**Excerpted records:**
┏━━
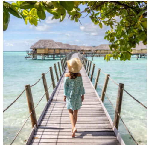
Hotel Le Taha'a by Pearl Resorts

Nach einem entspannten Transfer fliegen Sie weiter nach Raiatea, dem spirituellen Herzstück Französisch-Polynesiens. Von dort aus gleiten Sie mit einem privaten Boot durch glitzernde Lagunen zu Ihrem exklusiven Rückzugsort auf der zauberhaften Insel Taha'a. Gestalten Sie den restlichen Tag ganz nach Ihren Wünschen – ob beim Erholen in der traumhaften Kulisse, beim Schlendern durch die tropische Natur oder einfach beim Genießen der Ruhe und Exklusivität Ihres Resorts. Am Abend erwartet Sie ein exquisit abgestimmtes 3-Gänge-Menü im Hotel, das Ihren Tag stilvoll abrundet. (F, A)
┗━━
┏━━
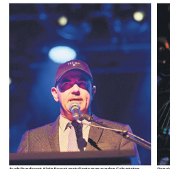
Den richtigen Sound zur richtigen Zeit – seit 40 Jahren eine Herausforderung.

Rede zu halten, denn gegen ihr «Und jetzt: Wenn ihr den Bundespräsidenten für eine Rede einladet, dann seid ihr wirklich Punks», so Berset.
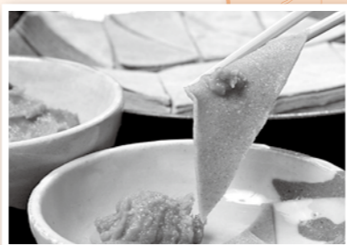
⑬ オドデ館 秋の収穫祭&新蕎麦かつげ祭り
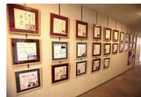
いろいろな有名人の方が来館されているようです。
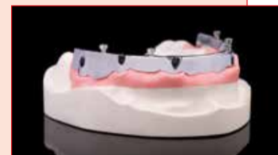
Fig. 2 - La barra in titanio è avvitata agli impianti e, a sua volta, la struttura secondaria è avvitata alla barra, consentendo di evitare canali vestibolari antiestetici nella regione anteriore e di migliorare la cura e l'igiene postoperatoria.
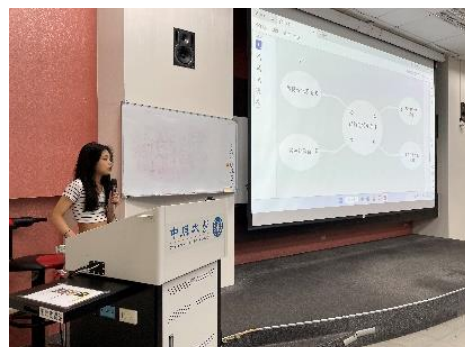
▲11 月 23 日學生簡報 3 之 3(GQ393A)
┗━━
Look above for the line containing "Rede zu halten, denn", then copy exactly from it through the line containing "3 之 3(GQ393A)", keeping both and leaving out pictures. Add nothing else.

Rede zu halten, denn gegen ihr «Und jetzt: Wenn ihr den Bundespräsidenten für eine Rede einladet, dann seid ihr wirklich Punks», so Berset.
⑬ オドデ館 秋の収穫祭&新蕎麦かつげ祭り
いろいろな有名人の方が来館されているようです。
Fig. 2 - La barra in titanio è avvitata agli impianti e, a sua volta, la struttura secondaria è avvitata alla barra, consentendo di evitare canali vestibolari antiestetici nella regione anteriore e di migliorare la cura e l'igiene postoperatoria.
▲11 月 23 日學生簡報 3 之 3(GQ393A)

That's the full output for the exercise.